Legion of Substitute Heroes is a group of fictional characters in the future of the DC Comics universe. The "Subs", as they are often called, are a group of rejected applicants to the Legion of Super-Heroes who band together, hoping to prove to the Legion that their powers are not as useless as the Legionnaires claim. They first appeared in Adventure Comics #306 (March 1963) and were created by Edmond Hamilton and John Forte.
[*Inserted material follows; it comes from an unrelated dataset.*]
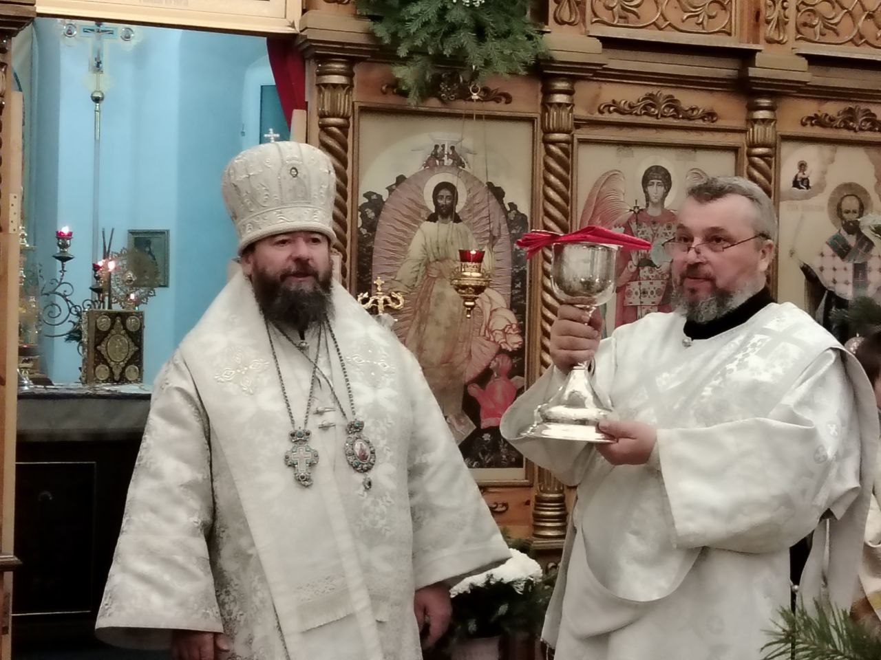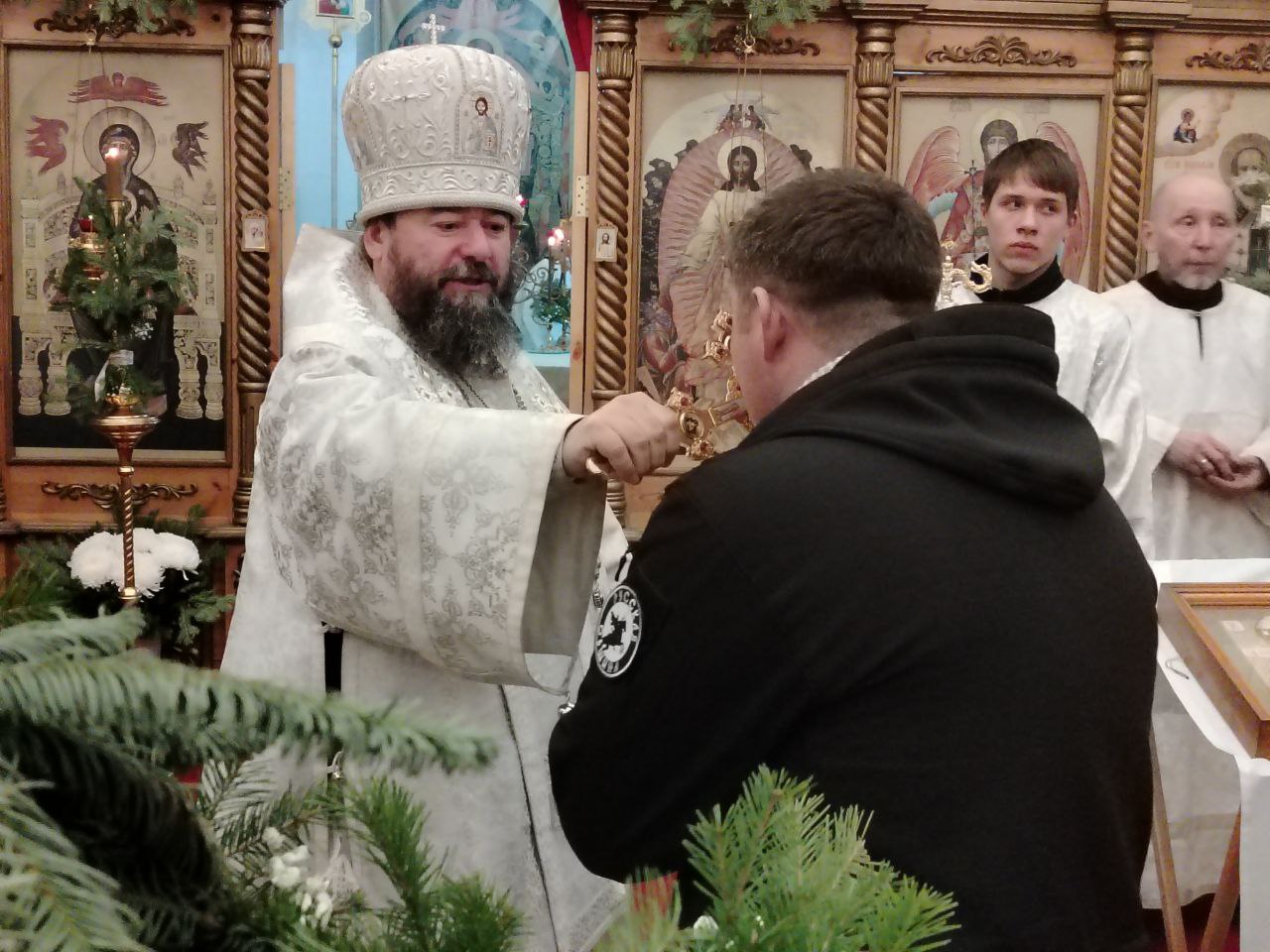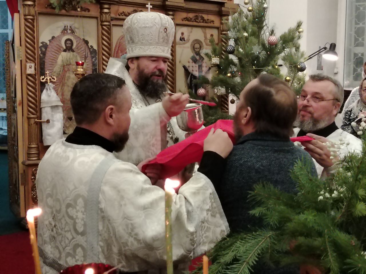 Перед причастием иерей Роман Пичуев огласил Рождественское послание Преосвященнейшего Макария, епископа Нерчинского и Краснокаменского боголюбивым пастырям, монашествующим и всем верным чадам Нерчинской епархии.
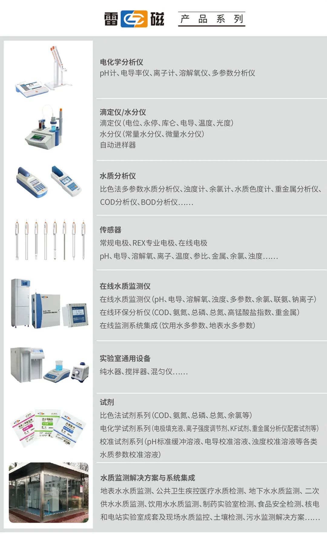 作為中國分析儀器的發(fā)源地之一,“雷磁”長期以來不忘初心,牢記使命,以“為提高人們的生活質(zhì)量,提供高科技分析儀器和優(yōu)質(zhì)服務(wù)!”為使命,始終致力于水質(zhì)分析儀器和方法的研究開發(fā),成為行業(yè)的領(lǐng)軍企業(yè)!

The group were depicted as reasonably effective superheroes until Keith Giffen, during his tenure as Legion writer, began depicting the team as something of a joke. The Subs regain some respect when founding member Polar Boy joins the main Legion, and a new Legion of Substitute Heroes is formed.

Publication history
The Legion of Substitute Heroes is founded by Polar Boy, Night Girl, Stone Boy, Fire Lad, and Chlorophyll Kid, five young heroes whose powers are not sufficient to earn them membership in the Legion of Super-Heroes — Stone Boy, for example, is completely immobile when using his power. After receiving a Legion flight belt as a consolation prize, the five disconsolate teenagers decide to form a group that can pinch hit for the Legion. After several failures as a team, the Subs save the Earth from an invasion by Plant Men while the Legion is off planet fighting a decoy armada of robot spaceships.

At first operating in secrecy, the Legion of Substitute Heroes is gradually recognized by the real Legion as a valuable asset, most notably after the assault on the Citadel of Throon when the regular Legionnaires are all defeated and it is left to Polar Boy and Night Girl to lead an effective attack and end the siege. Later recruits to the Legion of Substitute Heroes include Antennae Lad, Color Kid, Double-Header, Infectious Lass, Porcupine Pete, Dream Girl, and Star Boy. The team fell into disuse during the Bronze Age of Comic Books since their simple, young-readers-oriented concept left them out-of-place in the dark, socially relevant stories of the era.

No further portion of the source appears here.